-- TASK PROMPT --
Return only the lines running from the one that contains "A high quality" through the end of the entries, exactly, both ends included. Omit pictures.

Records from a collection
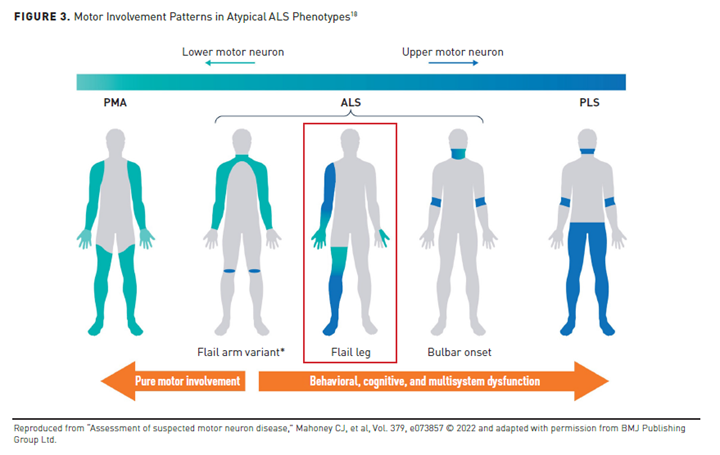 Patients with signs and symptoms of motor neuron dysfunction who do not meet true diagnostic criteria for ALS may have a related form of motor neuron disease. Atypical forms of ALS include cases with better prognosis or pure UMN or LMN involvement. These clinical phenotypes can be classified based on the level and anatomical area of motor neuron involvement and pattern of onset (see Figure 3).18 These interrelated entities and clinical syndromes usually, but not always, evolve into ALS.18
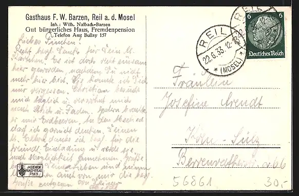 AK Reil a. d. Mosel, Gasthaus F. W. Barzen von W. Nalbach-Barzen
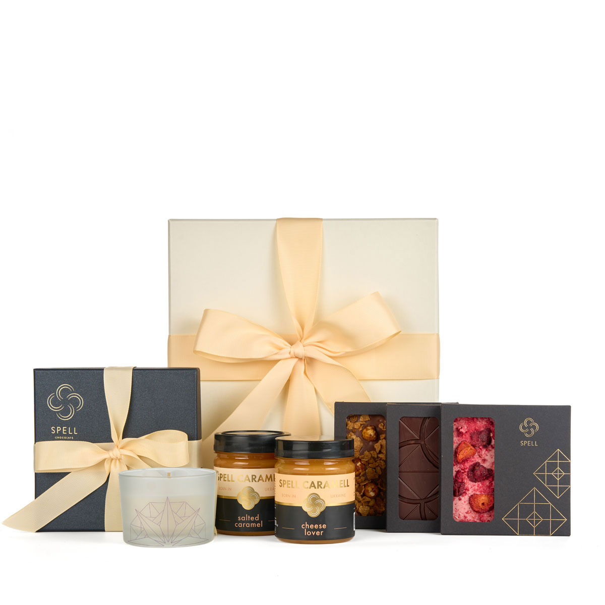 To slow down: a set of tiramisu, brownie, Napoleon, and Kiev cake-flavored candies, three chocolate bars, salted and cheese caramel, and a scented candle in a box.
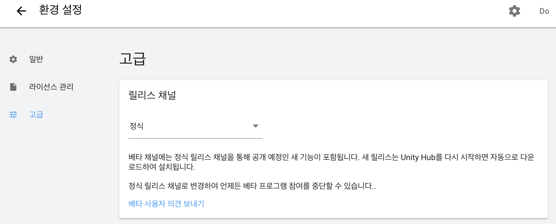 톱니바퀴 아이콘을 통해 설정에 들어가면
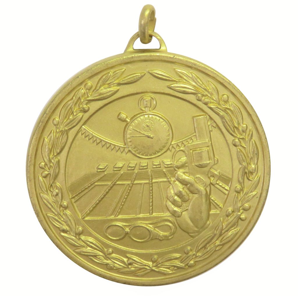 A high quality embossed gold metal swimming medal displaying a stopwatch, starter gun, goggles and swimming pool lanes within a laurel design. The diameter is 50mm and the thickness is 3mm giving the medal a heavy feel. This medal can be engraved on the reverse and comes complete with a loop to accomadate a ribbon.
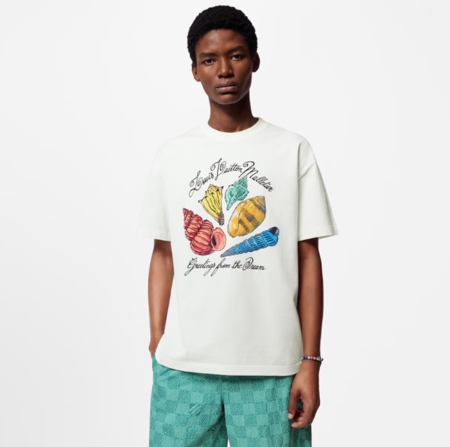 루이비통 그래픽 프린트 쇼트 슬리브 코튼 티셔츠
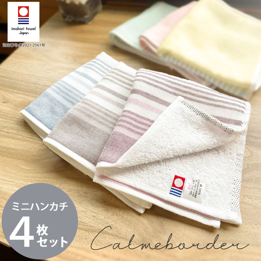 タオル ハンドタオル ミニハンカチ タオルハンカチ 4枚セット 日本製 今治タオル 国産 おしゃれ カームボーダー 高級 吸水力 薄手 高品質
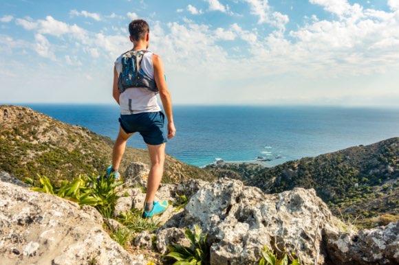 Hike from a Byzantine-era convent on a mountainside down to a coast village along a scenic trail.
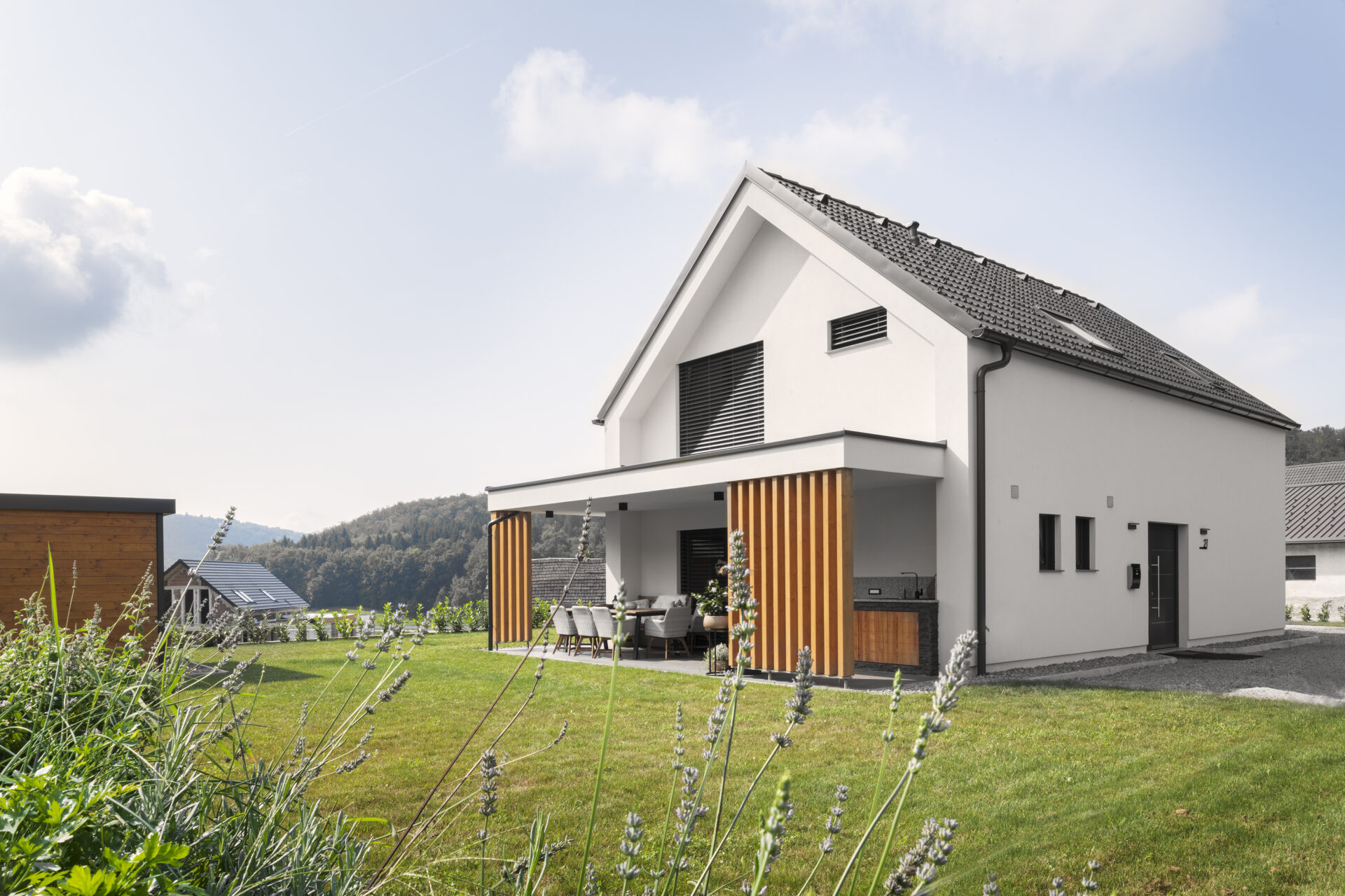 Wood was the element dictating the design of this house and its layout, which is evident from there notable wooden elements in the columns, which provide privacy and enhance the home’s appearance, and wood hidden in the framework of the walls. Design highlights include large glass surfaces in the living areas and bedroom. The house features no eaves. Instead, it has an extended external frame that highlights its simple shape.
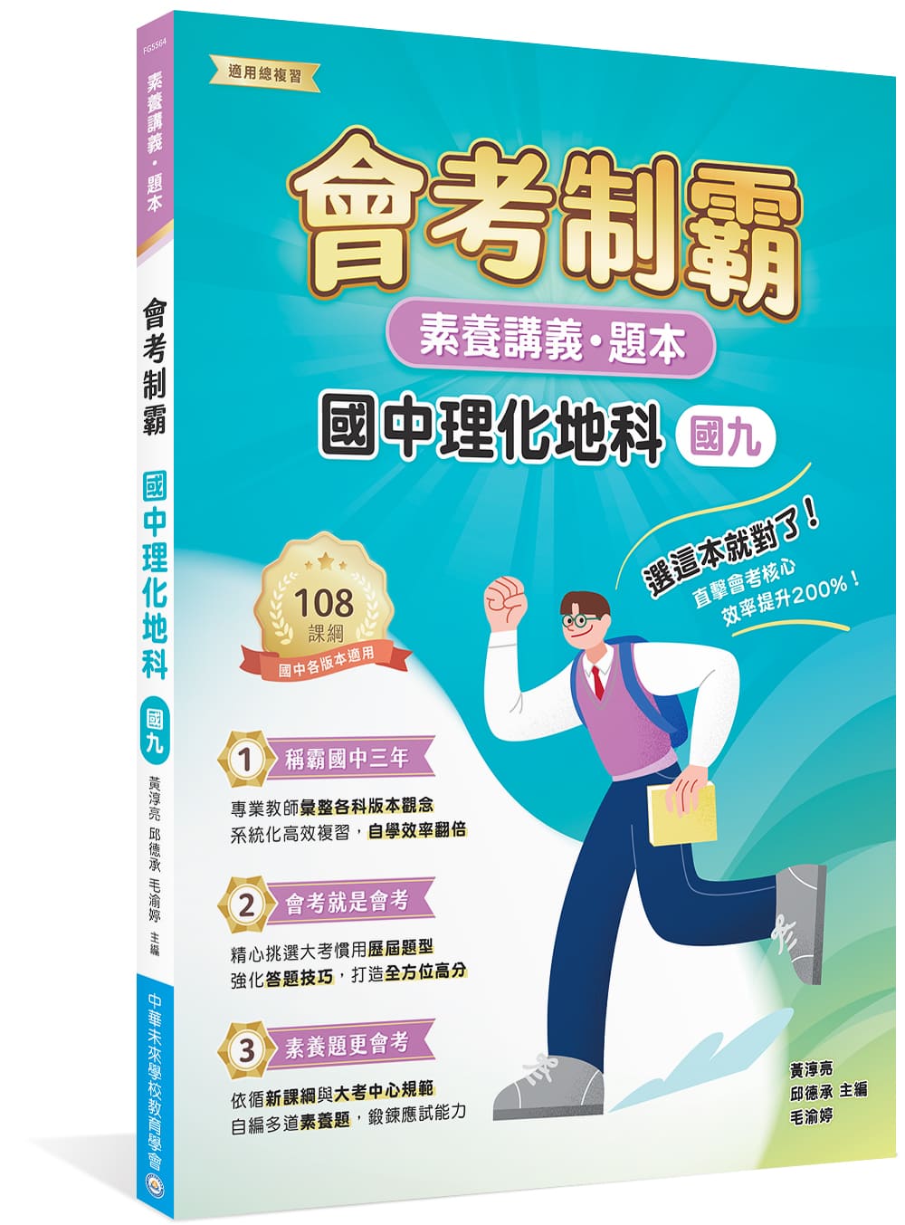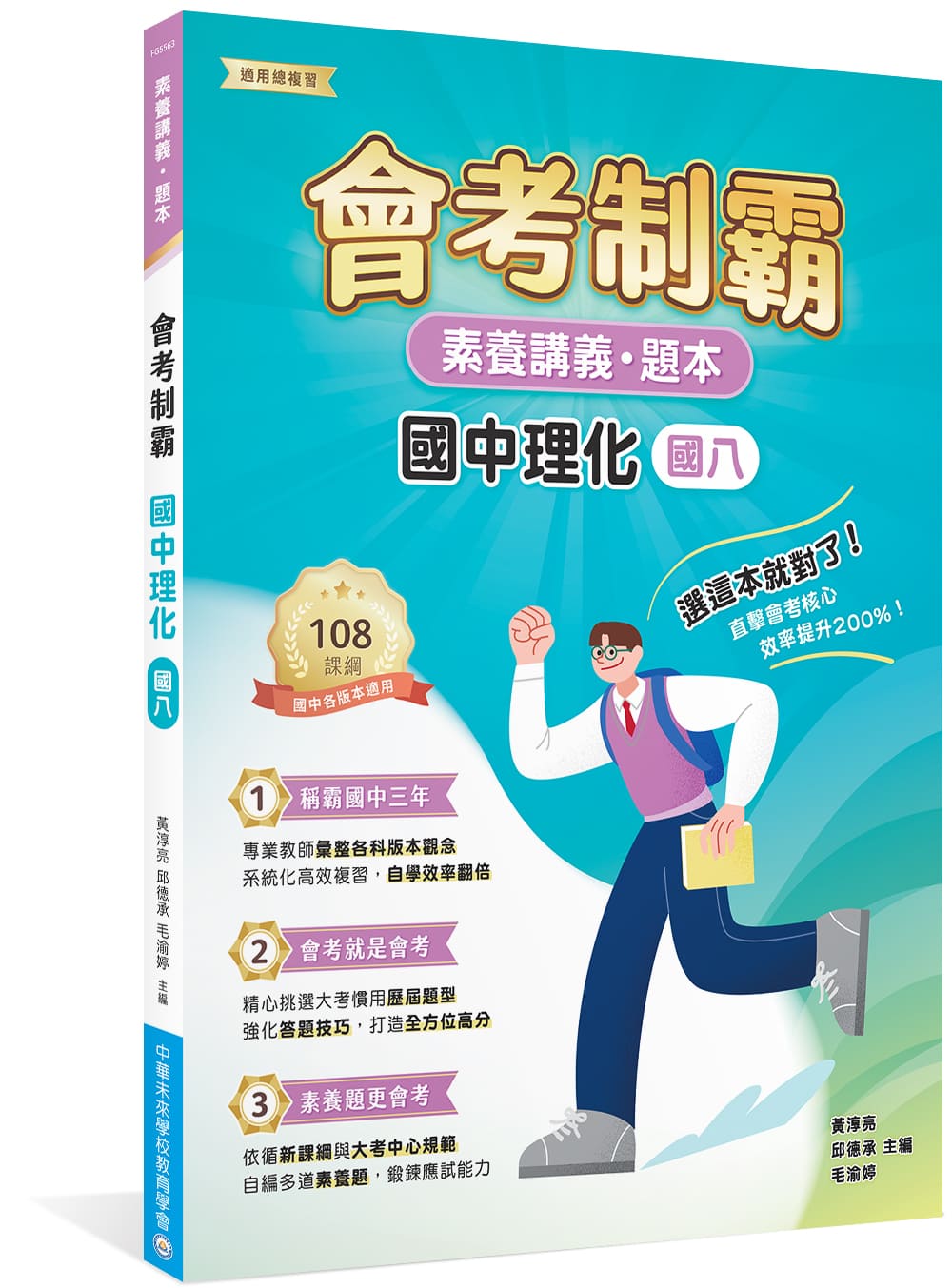 【會考制霸】系列書籍由中華未來學校教育學會專業團隊編寫,本書結合「講義」與題本,講義內容綜整重要觀念,加強學生對於知識點的理解與記憶,再藉由演練精選歷屆題與原創素養題,強化答題實力,學習效率up!

-- TASK RESULT --
 A high quality embossed gold metal swimming medal displaying a stopwatch, starter gun, goggles and swimming pool lanes within a laurel design. The diameter is 50mm and the thickness is 3mm giving the medal a heavy feel. This medal can be engraved on the reverse and comes complete with a loop to accomadate a ribbon.
 루이비통 그래픽 프린트 쇼트 슬리브 코튼 티셔츠
 タオル ハンドタオル ミニハンカチ タオルハンカチ 4枚セット 日本製 今治タオル 国産 おしゃれ カームボーダー 高級 吸水力 薄手 高品質
 Hike from a Byzantine-era convent on a mountainside down to a coast village along a scenic trail.
 Wood was the element dictating the design of this house and its layout, which is evident from there notable wooden elements in the columns, which provide privacy and enhance the home’s appearance, and wood hidden in the framework of the walls. Design highlights include large glass surfaces in the living areas and bedroom. The house features no eaves. Instead, it has an extended external frame that highlights its simple shape.
 【會考制霸】系列書籍由中華未來學校教育學會專業團隊編寫,本書結合「講義」與題本,講義內容綜整重要觀念,加強學生對於知識點的理解與記憶,再藉由演練精選歷屆題與原創素養題,強化答題實力,學習效率up!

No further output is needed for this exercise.